IMF Managing Director Christine Lagarde said the Trump administration’s $1.5 trillion tax cut could prompt other nations to follow suit, fueling a “race to the bottom” that risks hemming in public spending.

While the impact of the package passed by Congress in December is only just beginning to be understood, its effects are likely to include increased consumption and “hopefully the payment of higher wages,” Lagarde said on a panel at the Munich Security Conference in Germany on Friday. It also will fuel global inflation, she said, Bloomberg reported.

“What we are beginning to see already and what is of concern is the beginning of a race to the bottom, where many other policy makers around the world are saying: ‘Well, if you’re going to cut tax and you’re going to have sweet deals with your corporates, I’m going to do the same thing’,” Lagarde said.

The IMF chief’s blunt assessment follows an unusually public disagreement between the fund and President Donald Trump’s administration last fall over an IMF paper arguing that developed nations can share prosperity more evenly, without sacrificing growth, by shifting the income-tax burden onto the rich.

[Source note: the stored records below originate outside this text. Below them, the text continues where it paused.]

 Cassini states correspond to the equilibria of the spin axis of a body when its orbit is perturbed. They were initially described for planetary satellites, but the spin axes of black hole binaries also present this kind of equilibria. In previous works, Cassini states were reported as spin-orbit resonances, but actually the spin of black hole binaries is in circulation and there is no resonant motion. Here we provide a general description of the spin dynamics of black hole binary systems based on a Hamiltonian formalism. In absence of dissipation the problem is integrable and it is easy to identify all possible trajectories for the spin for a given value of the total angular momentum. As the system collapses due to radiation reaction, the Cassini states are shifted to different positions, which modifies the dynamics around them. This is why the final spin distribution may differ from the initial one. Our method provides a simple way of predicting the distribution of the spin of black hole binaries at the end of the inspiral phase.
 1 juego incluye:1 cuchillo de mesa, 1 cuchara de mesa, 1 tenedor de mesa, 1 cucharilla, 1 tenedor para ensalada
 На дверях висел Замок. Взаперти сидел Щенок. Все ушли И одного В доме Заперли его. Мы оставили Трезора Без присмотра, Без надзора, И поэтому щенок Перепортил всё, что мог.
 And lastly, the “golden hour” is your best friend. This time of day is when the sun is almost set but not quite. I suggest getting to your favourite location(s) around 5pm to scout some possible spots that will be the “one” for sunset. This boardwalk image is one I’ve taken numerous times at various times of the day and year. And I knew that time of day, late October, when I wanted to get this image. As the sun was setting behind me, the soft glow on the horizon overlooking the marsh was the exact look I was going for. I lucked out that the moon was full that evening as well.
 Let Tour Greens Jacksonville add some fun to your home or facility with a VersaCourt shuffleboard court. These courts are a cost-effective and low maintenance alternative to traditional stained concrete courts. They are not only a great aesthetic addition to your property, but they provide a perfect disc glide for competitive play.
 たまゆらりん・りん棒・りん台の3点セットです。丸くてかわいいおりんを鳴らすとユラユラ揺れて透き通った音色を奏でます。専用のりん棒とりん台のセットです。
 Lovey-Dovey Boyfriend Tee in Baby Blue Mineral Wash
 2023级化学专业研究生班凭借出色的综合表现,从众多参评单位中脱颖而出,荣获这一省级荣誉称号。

Competitive tax cuts risk holding back governments in spending on anything from defense and infrastructure to health and education, Lagarde said.

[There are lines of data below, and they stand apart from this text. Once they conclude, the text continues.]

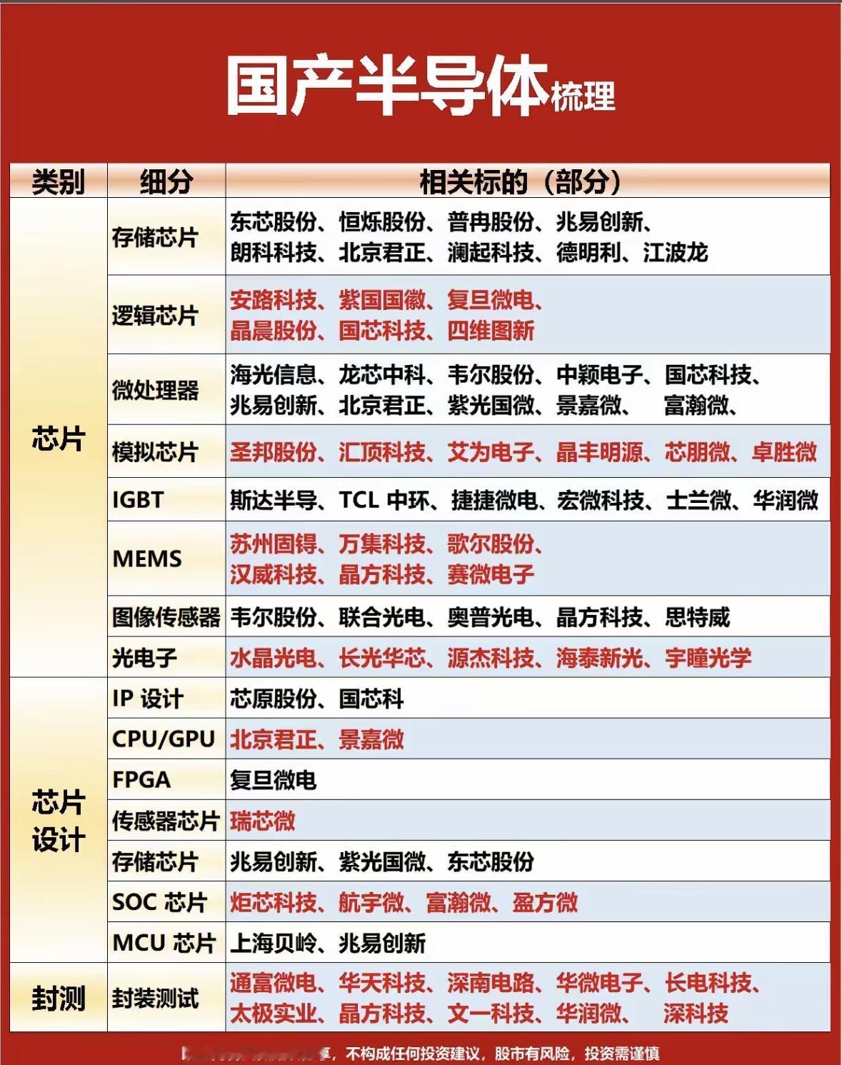 国产半导体行业深度梳理,掌握行业龙头! 国产半导体细分领域及代表企业盘点,涵盖存储、逻辑、模拟等芯片类别,仅供知识分享,投资需谨慎。 国产半导体产业链梳理:存储芯片、逻辑芯片、模拟芯片、传感器等细分领域及代表企业,投资需谨慎。
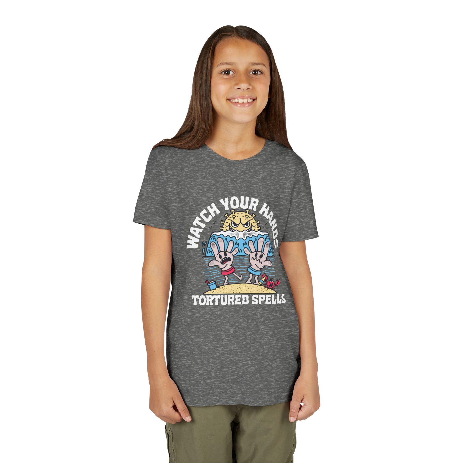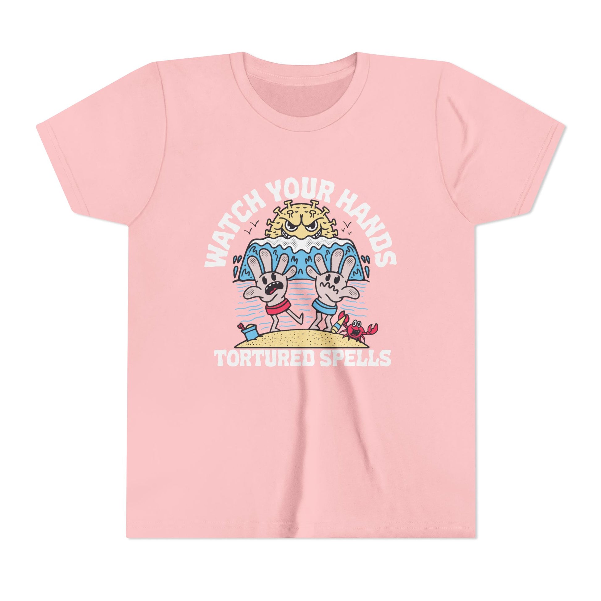 Watch Your Hands (Wash Your Hands, Coronavirus Reference), Youth, Black/White Short Sleeve Tee
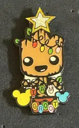 Baby Groot decorated as Christmas Tree is a pin. It is an Unlicensed (Fantasy) pin, so therefore it is not allowed to be traded in the Disney Parks.

“You need public money,” she said. “The race to the bottom is not conducive to those investments and to helping prepare the workforce and our societies for this new economy of tomorrow.”

  Neoliberalism 

In other words: The IMF is worried the Trump tax cuts will strengthen the hand of the global capitalist class and condemn the workers of the world to an even more exploitative form of late neoliberalism.

But the dispute between the IMF and Trump administration points to an oft-overlooked irony in contemporary politics. In popular discourse, populism is associated with nationalism, and elitism with “globalism”. And not without reason: Generally speaking, in most democracies, the public has an easier time influencing policy at the national level than at the global one. National governments are more sensitive to popular sentiment than democratically unaccountable, international organizations like, say, the IMF.

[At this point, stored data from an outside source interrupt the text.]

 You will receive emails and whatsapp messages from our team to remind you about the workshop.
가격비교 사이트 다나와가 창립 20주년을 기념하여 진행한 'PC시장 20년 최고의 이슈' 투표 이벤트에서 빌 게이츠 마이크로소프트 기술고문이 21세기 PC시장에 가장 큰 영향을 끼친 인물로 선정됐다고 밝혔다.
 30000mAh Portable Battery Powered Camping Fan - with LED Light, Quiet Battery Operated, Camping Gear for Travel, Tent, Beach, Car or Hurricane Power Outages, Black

And yet, populism in its ideal form—which is to say, a politics that privileges the wants and needs of ordinary people—is impossible in the modern world absent international cooperation and institutions of global governance. Nationalist movements that restrict the mobility of labor across borders—but let capital traverse the planet at will—pose no threat to the “global power structure” that (in Trump’s words) “robbed our working class”. And that is, of course, even more true of nationalist movements that slash corporate tax rates.

So long as the cosmopolitan Uber-elite can force nations to bid against each other for access to their capital, the power of any national public to exercise genuine self-rule will be limited. Right now, 10% of the world’s gross domestic product is hidden in tax havens. There is no way for any country to claw back its share of that wealth—or prevent their superrich from further shifting the burden of taxation onto the middle class through tax evasion—without international action to sanction tax havens, and keep track of the ownership of all the world’s financial assets.

  Be Independent of US

Germany’s defense minister opened the major security conference by urging Europeans to rally together and become more independent of the United States. 

“We want to remain trans-Atlantic, but we also want to be more European,” Defense Minister Ursula von der Leyen said.

Unease over Europe’s relationship with the US was apparent at the start of talks. Von der Leyen took subtle jabs at a shift in US policy under Trump, who has emphasized US military power in his approach to foreign affairs, but has blasted institutions such as the United Nations.

“Germany wants to strengthen the United Nations,” she said. 

Trans-Atlantic burden sharing can’t just be investment “in the sharp end of the stick,” von der Leyen said, suggesting the US should dedicate more resources to development assistance.

“Our American friends too have a precious obligation that goes beyond military matters alone,” she said. At the same time, von der Leyen acknowledged that Germany continues to fall short on defense spending, which has been a source of tension with the US for years and has intensified under Trump.